Veraart presented his own interpretation of Rerum novarum. In the twenties and thirties his political influence to introduce corporatism was very limited because of the resistance within the catholic elite. In London he lectured about corporatism at the invitation of catholic non-profit organizations and advised cabinet-in-exile Gerbrandy. After 1945 his ideas about corporatism gained influence. The Netherlands adopted corporatist decision-making with the establishment of the Social and Economic Council, and the voluntary industrial and commodity boards in 1950. The government made him a member of this council because of his expertise. However, corporatism suffered from polarization between trade unions and employer organizations. A major change was the implementation of the Labour Foundation recommendation to introduce dispensation procedures allowing employers (and their employees) to request exemptions from collective labour agreements in 1996. The minister of Social Affairs and Employment obtained the authority to decide whether or not employers could be exempted after an official evaluation of the legal requirements. In January 2015 cabinet Rutte II abolished the commodity and industrial boards because of lack of democratic legitimization and duties impeding new market entrants.Footnote 28

Is Rerum novarum relevant in the 21st century? Not according to Veraart who considered this encyclical as a child of its time, because the current economies have changed in comparison to those of the past century. Today, capitalism has no real intellectual competitors and gives leeway to unbridled market forces. The consequences of these forces ask for heterodox ideas and precise observations of social and economic phenomena.

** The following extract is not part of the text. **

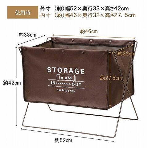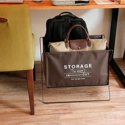 バッグ・マフラーやコートといった小物・洗濯物などいろいろな物を直接床に置かず、簡単に収納できるラック。大きい収納口でたっぷり収納。不使用時はコンパクトに収納可能。荷物等が直接床に触れないので清潔!マガジンラックやお部屋の小物収納など、いろいろなシーンで大活躍。ランドリーラックとしてもお使いいただけます。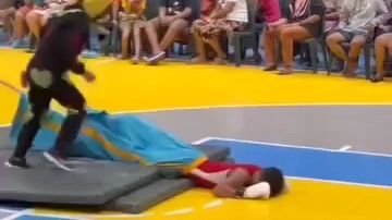 Giáo viên huấn luyện nam cường tráng với làn da rám nắng, thân hình vạm vỡ kiên trì tập luyện

Veraart behaved very much like an early modern heterodox economist confronted with emerging mainstream economics. A small number of economists criticise mainstream economics for not having predicted the economic crisis of 2008. This was due to an obsession with rationalism, profit maximization and market equilibrium. A new approach requires attention for changing regulations and institutions. Veraart had a similar criticism as his rejection of the assumption of economic individualism showed. He distinguished himself from the current critical economists with his thoughts about corporatism as an alternative institution to capitalism and totalitarian economic models. For this reason, Veraart deserves a biography. And last but not least for his defence of parliamentary democracy.